Presentation Summary:
Tissue engineering of pediatric diaphragmatic tendon, spine, and trachea
The fetus is an ideal tissue-engineering subject, both as donor and host. The unique
characteristics of fetal cells, combined with the developmental and long-term impacts of
implanting tissue constructs into a fetus or neonate, add new perspectives to tissue
engineering, significantly expanding its reach. Perhaps surprisingly, however, it was only
a little over 10 years ago that the concept widely referred to as fetal tissue engineering
was first proposed and proven viable experimentally. This notion involves the
procurement of fetal cells, followed by their processing in the engineering of tissue
constructs in vitro in parallel to the remainder of gestation, so that an infant or a fetus
with a prenatally diagnosed birth defect could benefit from having autologous, expanded
tissue readily available for surgical implantation in the perinatal period. A variety of
prenatally diagnosable birth defects may be amenable to this approach. Considering the
data reported thus far, it is reasonable to speculate that fetal tissue engineering may
become an alternative for the perinatal treatment of a number of congenital anomalies.
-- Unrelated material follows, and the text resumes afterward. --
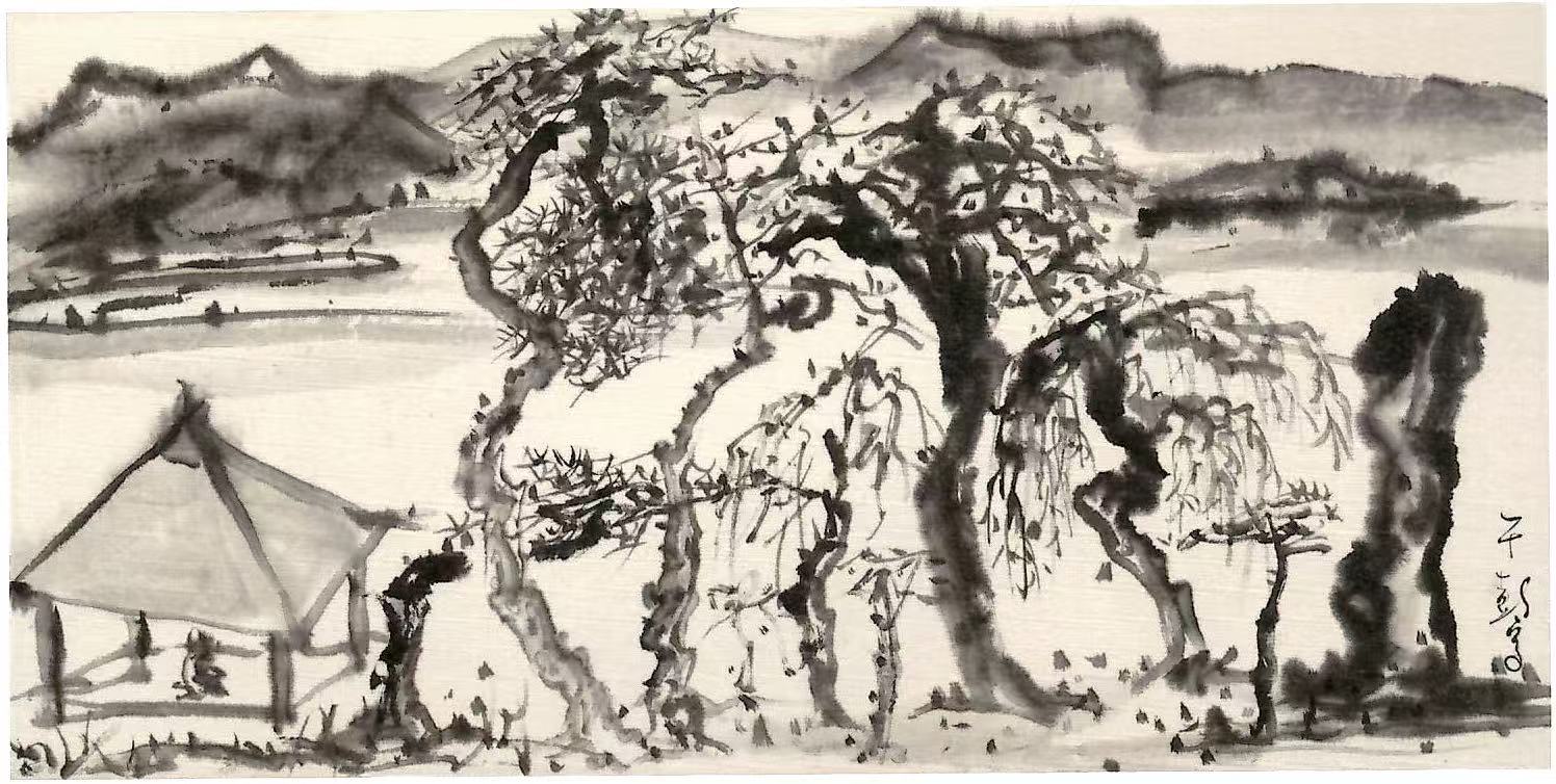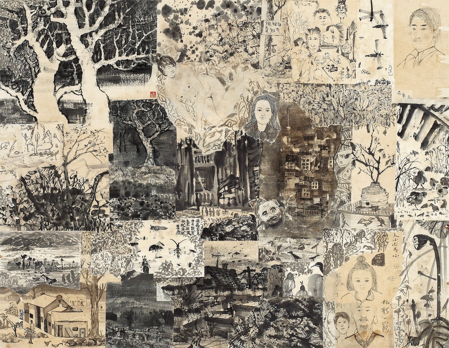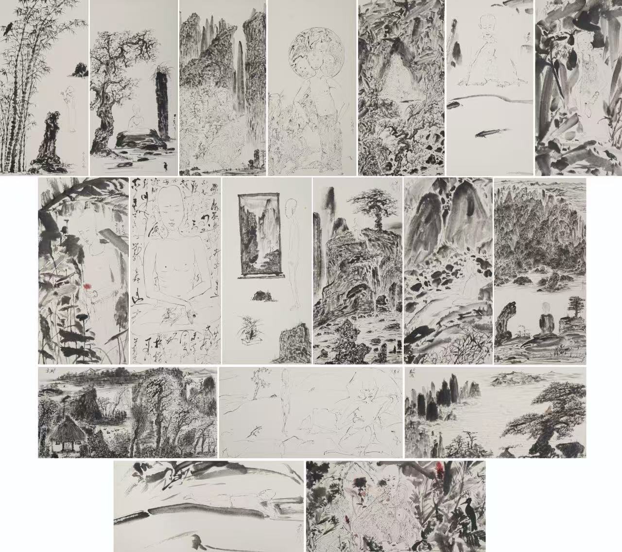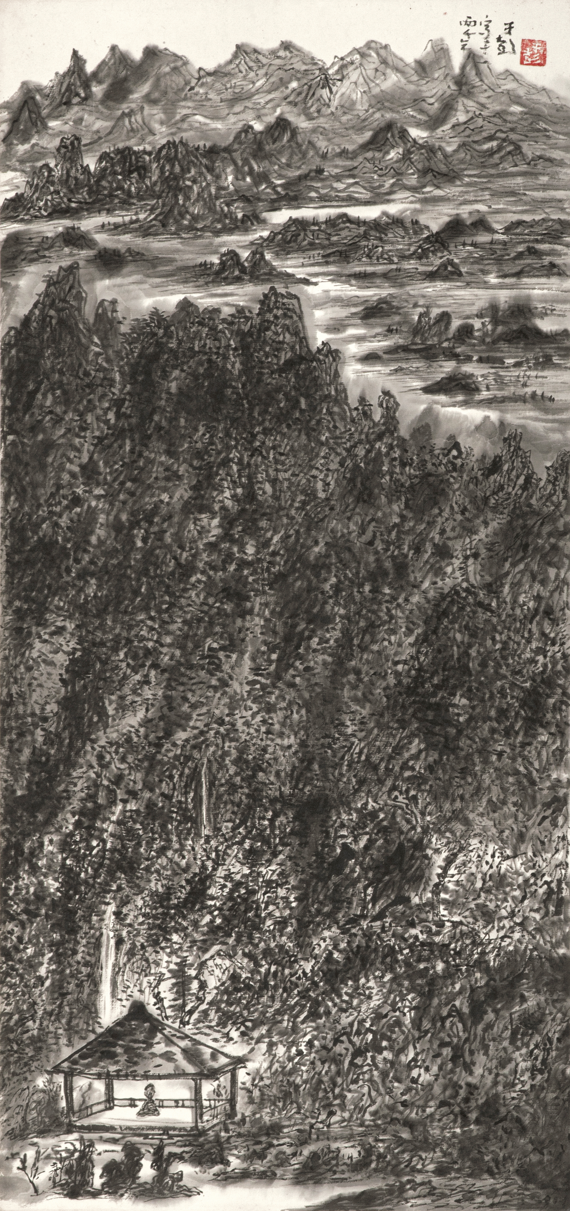 展出作品橫跨不同時期,風貌各異。中期的〈山水〉(2000)構圖縝密、筆墨細膩,展現壯闊景致與「情境式山水」的創造精神;晚期的〈十八羅漢〉(2009)人物形象亦聖亦凡,游走於天界與人世之間,蘊含戲謔與溫度。2010 年的〈靜默以對〉、〈花間笑〉、〈山水之間〉與〈筆墨微觀〉等小尺幅作品,展現他對筆墨語言的深入探索,意象流動如詩,如仙人遊走人間,隨心吟就詩句。〈日記〉此一作品則以蒙太奇方式拼貼日常片段,記錄生命的流轉與書寫的痕跡。

Moreover, given the feasibility of minimally invasive fetal cell sources, such as amniotic
fluid, placenta, and umbilical cord blood, the promise of fetal tissue engineering should
apply to both life-threatening and non life-threatening diseases. Different fetal progenitor
cells are progressively becoming relevant, if not indispensable tools in research related to
stem cells, tissue engineering, gene therapy, and maternal-fetal medicine. Still, much
remains to be learned and a variety of evolutionary paths, including unsuspected ones, are
to be pursued in this relatively new branch of regenerative medicine. Fertile experimental
work from an ever increasing number of groups is likely to extend fetal tissue
engineering beyond both the perinatal period and autologous applications, offering
unique therapeutic perspectives for different age groups.